(23 September 1936 – 18 October 2021)
This is an edited version of the obituary published in The Daily Telegraph on 22 November 2021
Michel Strauss, who has died aged 85, piloted the Impressionist and Modern Art department of Sotheby’s auction house in London over four decades.
Born in France, fluent in French, the grandson of a foremost French collector of Impressionist paintings, and a man with family connections in Europe and America, Strauss was passionate and knowledgeable about his subject and peculiarly well-qualified for the job.
When Michel was two his father died but fearful for his family’s well-being in Paris as war loomed, he had bought the Château de Brécourt in Normandy.
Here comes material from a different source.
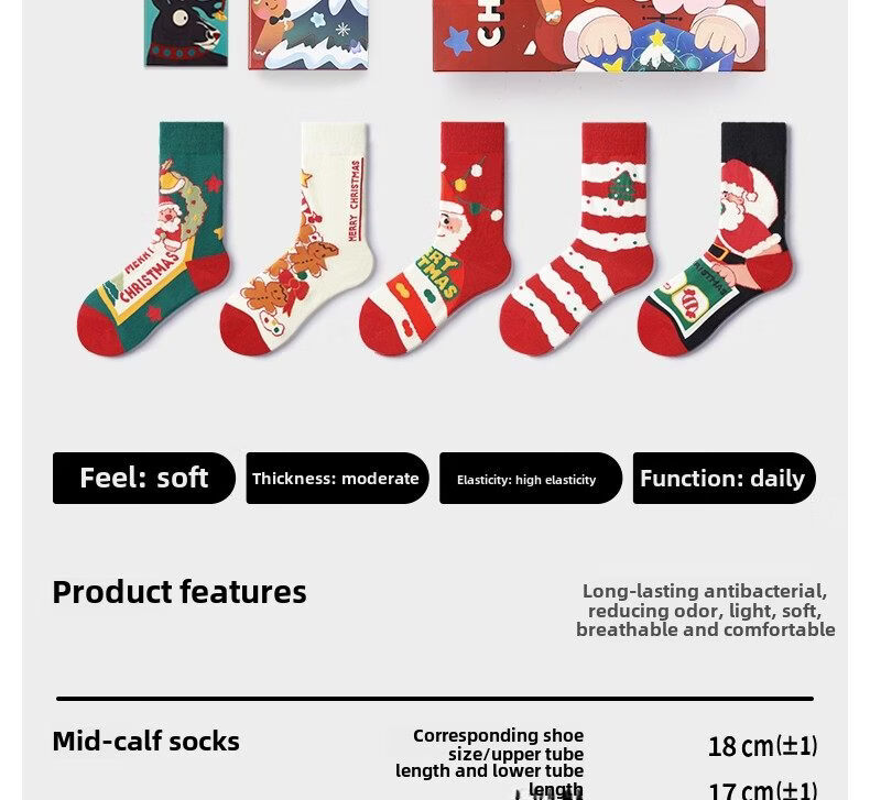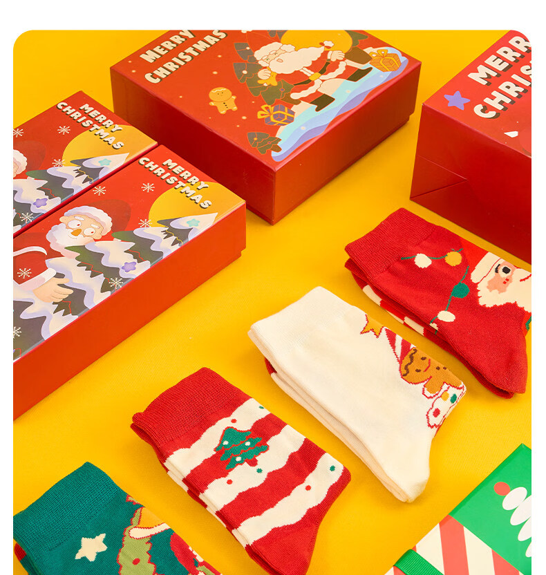 Pami Christmas Socks Women's Spring and Summer Mid-Tube Socks Cartoon Animated Christmas Gifts Spring Warm Parents Socks Gift Bag Christmas Socks Set B-Pack 5 pairs One size fits all (suitable for sizes 36-43) Contact customer service to write greeting cards

In May 1940 Michel’s mother whisked him away from the German advance to safety in America. It was when he was a boy in New York that the seeds of his future career were sown. Taken by his mother to the Metropolitan Museum when he was six, he saw pictures by Manet, Monet and Degas for the first time and was amazed. At seven he saw The Art and Life of Van Gogh at the Wildenstein Galleries, drew his own versions of Van Gogh trees and decided he would like to be a museum curator.
In 1946 the family returned to Europe living near Oxford where his stepfather physicist Hans von Halban had been appointed to a professorship. Whilst in Oxfordshire Michel attended MCS, leaving in 1951 to become a boarder at Bryanston. Strauss spent a year reading PPE at Christ Church, Oxford where he was a keen skier, belonging to the university team, but then returned to America at the suggestion of his new stepfather Isaiah Berlin. Here he read History of Art and Russian Literature at Harvard, this programme suited him to a tee.
During a spell of art-historical study at the Courtauld Institute in London, Strauss came to the attention of Peter Wilson the chairman of Sotheby’s and in 1961 he joined the firm’s new Impressionist and Modern Art department working as a cataloguer alongside Bruce Chatwin. In 2011 he published a fascinating memoir Pictures, Passion and Eye: A Life at Sotheby’s. He was married twice, first to Margery Tongway in 1959, they had a daughter and son. His second wife was Sally Lloyd Pearson.